Start Me Up Again catches 535.3-pound blue

From left, Tom Thomason, deckman John Keiley and Capt. Steve Cravens with their 535.3-pound blue.
LAHAINA – The Start Me Up Again put their third big fish of the year into the Top Marlin stats: a 535.3-pound blue by Tom Thomason. He was fishing with Capt. Steve Cravens and deckman John Keiley.
Steve headed the boat out of town toward the LA-Buoy on the way to the Kaho’olawe Shoals. He was just inside the 100-fathom ledge when John saw a marlin bill-whack the long corner, Seth Kizel purple straight-runner lure. Steve turned around to see the explosion the marlin made behind the lure, but it never broke the rubber band.
John could only bring in the lure a couple of cranks before the tag line rubber band reached the rod tip. He then free-spooled the lure back to its original position and locked up the reel. As soon as he locked up the reel, the rubber band snapped as the marlin grabbed the lure. “Hook up!”
The marlin peeled out the 130-test line straight out, jumping away from the boat 400-500 yards in a hurry. John quickly got the long side cleared so Steve could reverse the boat past the short side of the pattern after the fish.

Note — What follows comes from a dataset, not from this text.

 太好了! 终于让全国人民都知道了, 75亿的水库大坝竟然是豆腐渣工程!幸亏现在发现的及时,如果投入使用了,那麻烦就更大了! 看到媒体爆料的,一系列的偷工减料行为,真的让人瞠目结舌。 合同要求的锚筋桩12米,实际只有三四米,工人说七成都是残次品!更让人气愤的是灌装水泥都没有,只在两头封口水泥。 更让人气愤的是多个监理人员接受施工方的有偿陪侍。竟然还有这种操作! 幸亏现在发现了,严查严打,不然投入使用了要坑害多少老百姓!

The marlin jumped off to the starboard side, tail-walking back and forth and kicking up a lot of whitewater. It stayed on the surface for the first ten minutes, making several more series of jumps. Steve backed the boat aggressively after the fish, trying to retrieve some of the line when it was down. Once Tom had half the spool back, Steve slowed the chase.
With the marlin almost straight up and down off the stern, Steve worked the boat in and out of gear until Tom got tired, then idled forward to keep the line tight while Tom rested. They kept this up for about 15 minutes.

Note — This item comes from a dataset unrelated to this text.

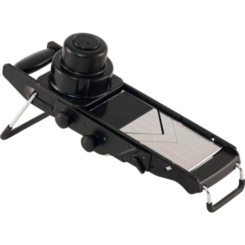 Zöldségszeletelő all-in-one. A forgatható kerék segítségével könnyen beállítható a fej szélessége. Zöldségtárolót is tartalmaz a biztonságos használat és a kezek védelme érdekében. A gumilábak a stabilitást biztosítják. A nagyon éles kések minőségi rozsdamentes acélból készültek.
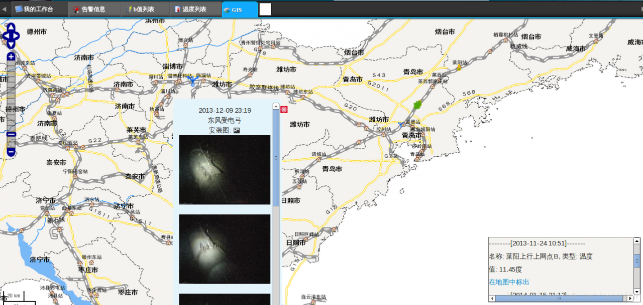 该系统是济南铁路局的一个试验项目,由硬件和软件两部分组成。硬件方面由另一家公司负责在200多个铁路监测点上安装传感设备,以监测温度, B值等铁路部门所感兴趣的数据。每隔几十分钟,监测数据就会自动上传到 POSTGRES数据库。我们软件的任务是,将数据库中的数据以表格、图表、地图等形式展示出来。其中,我负责GIS地图(地理信息系统)的开发,包括地图的绘制(ArcGis, UDig)、地图发布(GeoServer)、地图展示(OpenLayers, JavaScript)和部分数据库查询操作(JPA)。该项目使用 Seam-2.3框架,以JBoss-7.1为web应用服务器。

As Steve got the marlin to within 100 yards of the boat, he went to neutral. John switched the reel into low gear and got Tom in to a rhythm, letting him pump the rod, pull up, reel down, pull up, reel down.

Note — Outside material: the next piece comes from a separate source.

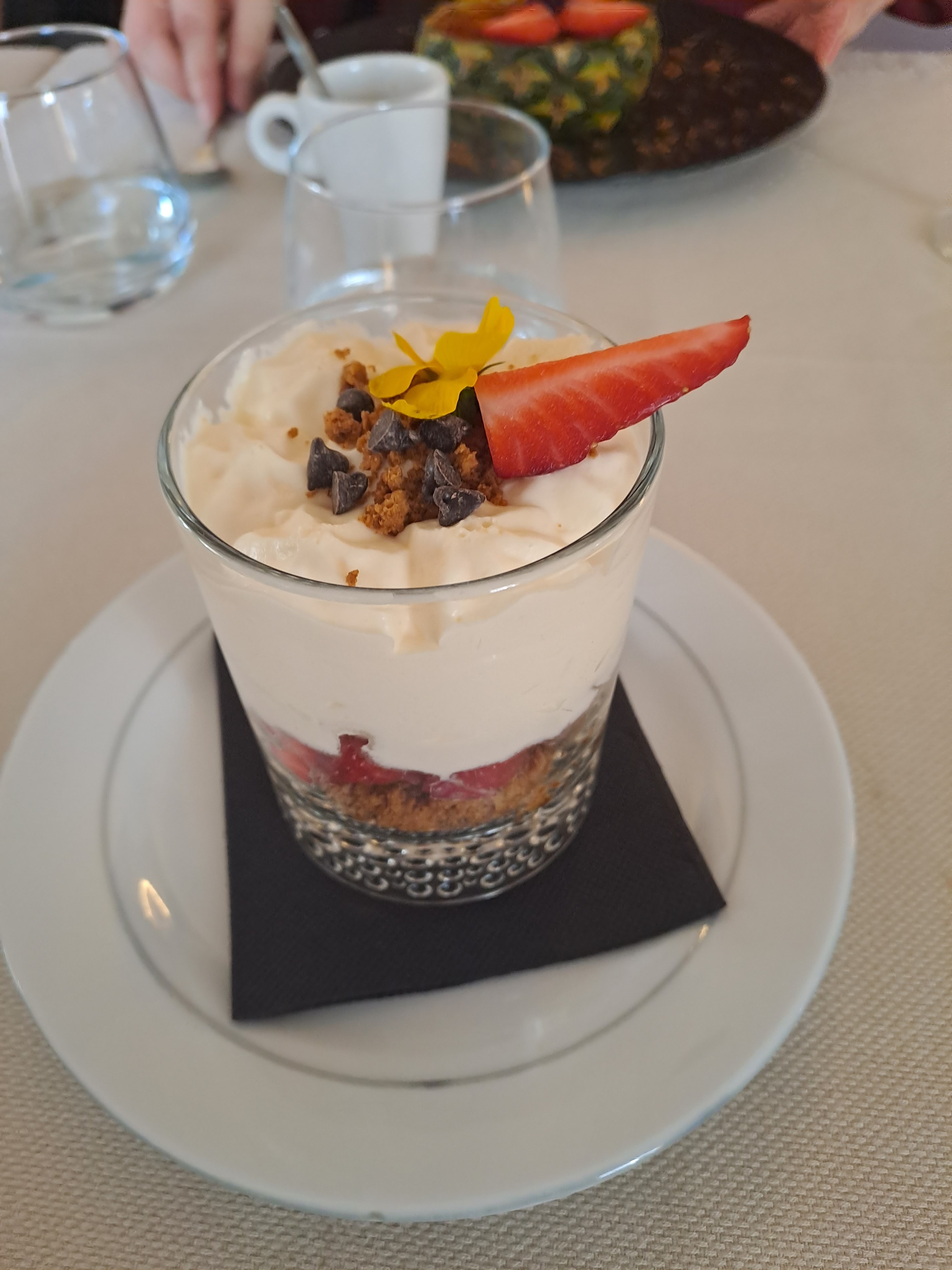 Dîner en famille : cuisine raffinée, plats délicieux de l entrée au dessert et l'ensemble est très copieux. Le cadre est cosy avec une belle vue

In no time, they had the marlin to double line off the stern. With the fish near enough that John could grab the swivel, he held on with both hands so the line wouldn’t slip. The marlin couldn’t decide which direction it wanted to go, so John felt it out for a few seconds.
John couldn’t do anything without taking wraps on the leader. The marlin started to slowly drift to the port side. It never made a big move, so John took a couple of good wraps of line and pulled it around the side.
The marlin came up fairly easy and rolled on its side. Steve left the helm pretty quickly to secure the fish. John took a couple more wraps and pulled, with it right there for Steve. Tom did a great job in the chair, mentioned Steve. He got into a rhythm pumping the rod and keeping tension on the line, getting his fish to the boat in 45 minutes.
For catching a marlin over 500 pounds, Start Me Up Sportfishing gave Tom his trip for free. They also donated $300 to Habitat for Humanity as part of their continuing charity donation program for a marlin caught over 500 pounds on one of their boats.